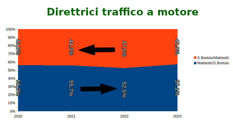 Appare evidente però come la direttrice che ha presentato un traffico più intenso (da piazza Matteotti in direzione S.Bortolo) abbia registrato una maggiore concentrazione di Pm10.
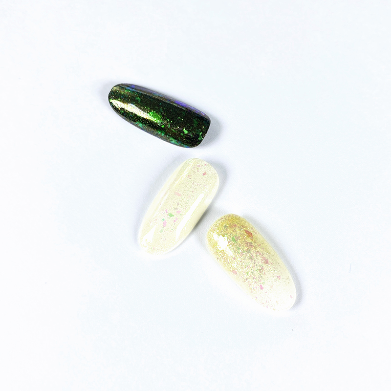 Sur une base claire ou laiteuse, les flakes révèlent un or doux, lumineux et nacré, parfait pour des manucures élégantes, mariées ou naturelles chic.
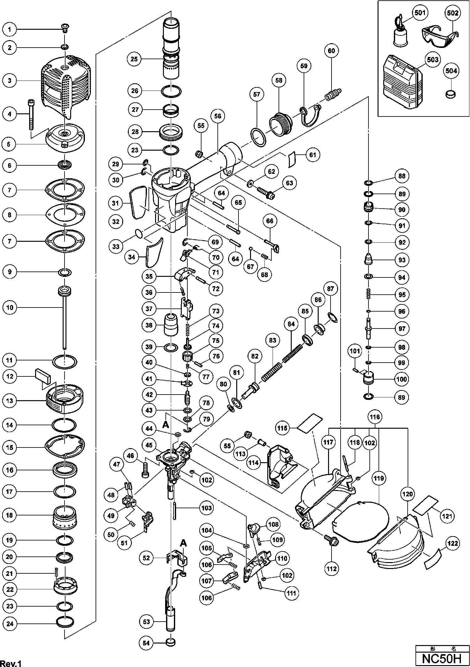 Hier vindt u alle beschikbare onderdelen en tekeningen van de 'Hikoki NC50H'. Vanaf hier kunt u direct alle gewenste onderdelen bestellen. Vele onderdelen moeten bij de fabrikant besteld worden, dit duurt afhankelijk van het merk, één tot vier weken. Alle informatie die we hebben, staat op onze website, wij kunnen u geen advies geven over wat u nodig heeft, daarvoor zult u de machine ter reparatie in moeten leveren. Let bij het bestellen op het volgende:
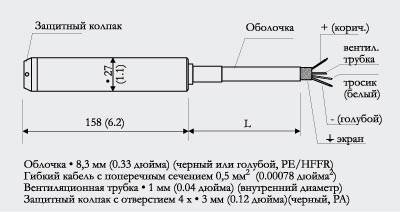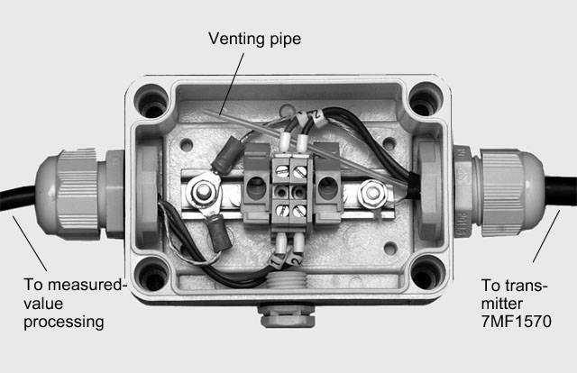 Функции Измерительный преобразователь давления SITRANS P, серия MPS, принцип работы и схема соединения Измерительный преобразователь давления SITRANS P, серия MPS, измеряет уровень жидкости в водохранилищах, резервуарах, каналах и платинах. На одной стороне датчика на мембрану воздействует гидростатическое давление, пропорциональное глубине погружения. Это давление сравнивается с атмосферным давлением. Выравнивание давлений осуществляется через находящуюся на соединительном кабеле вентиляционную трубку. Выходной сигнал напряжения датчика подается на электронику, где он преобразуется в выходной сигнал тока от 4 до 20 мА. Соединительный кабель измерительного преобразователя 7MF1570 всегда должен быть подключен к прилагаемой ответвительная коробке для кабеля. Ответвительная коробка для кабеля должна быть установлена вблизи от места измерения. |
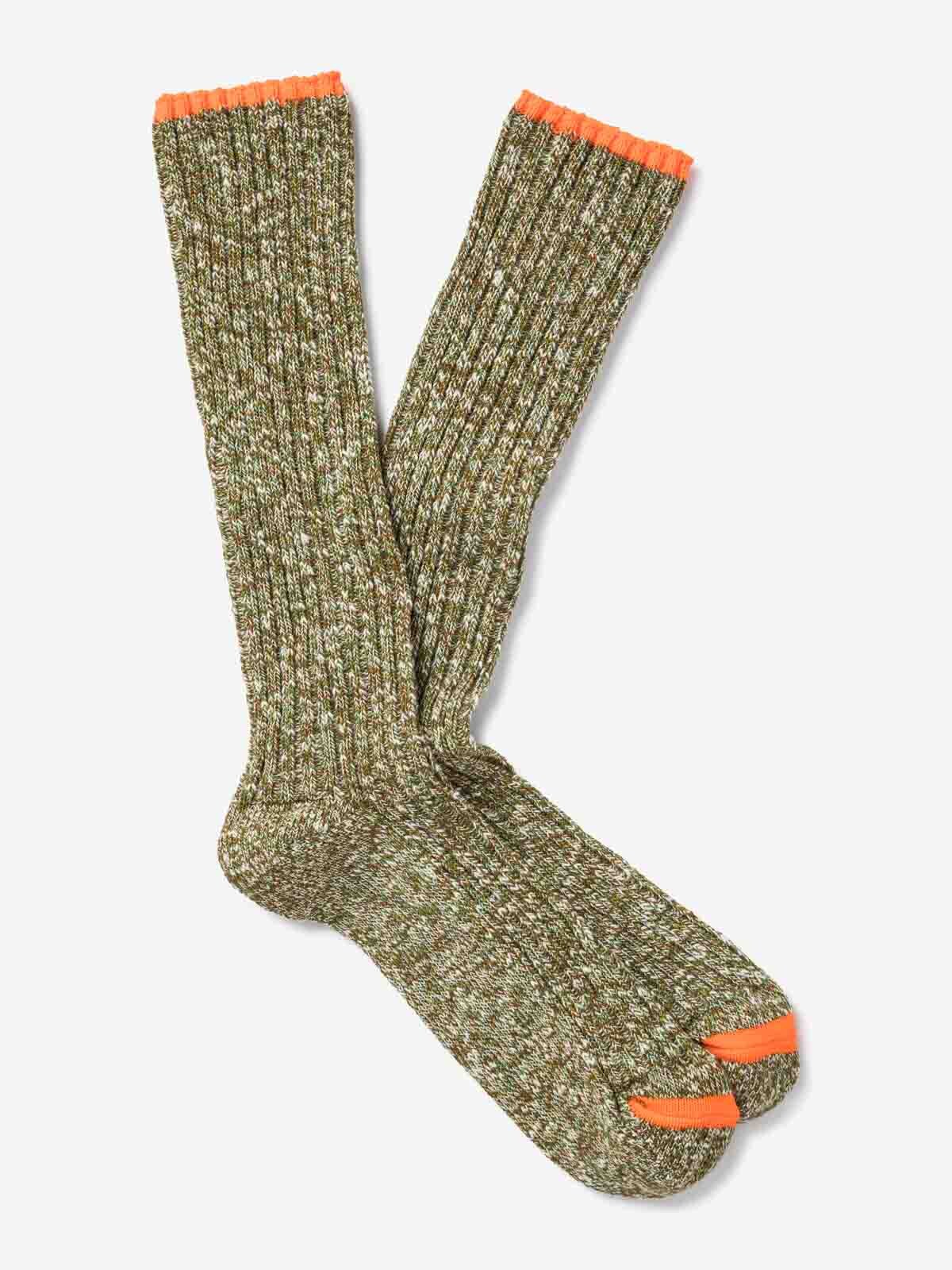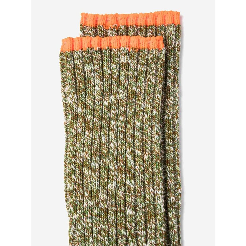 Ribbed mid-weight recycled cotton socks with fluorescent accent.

[DESCRIPTION OF THE TASK]
Nothing but the lines from the one containing "Sur une base" through the one containing "Hier vindt u" should appear, copied exactly from the material above and without pictures.

[ANSWER]
 Sur une base claire ou laiteuse, les flakes révèlent un or doux, lumineux et nacré, parfait pour des manucures élégantes, mariées ou naturelles chic.
 Hier vindt u alle beschikbare onderdelen en tekeningen van de 'Hikoki NC50H'. Vanaf hier kunt u direct alle gewenste onderdelen bestellen. Vele onderdelen moeten bij de fabrikant besteld worden, dit duurt afhankelijk van het merk, één tot vier weken. Alle informatie die we hebben, staat op onze website, wij kunnen u geen advies geven over wat u nodig heeft, daarvoor zult u de machine ter reparatie in moeten leveren. Let bij het bestellen op het volgende:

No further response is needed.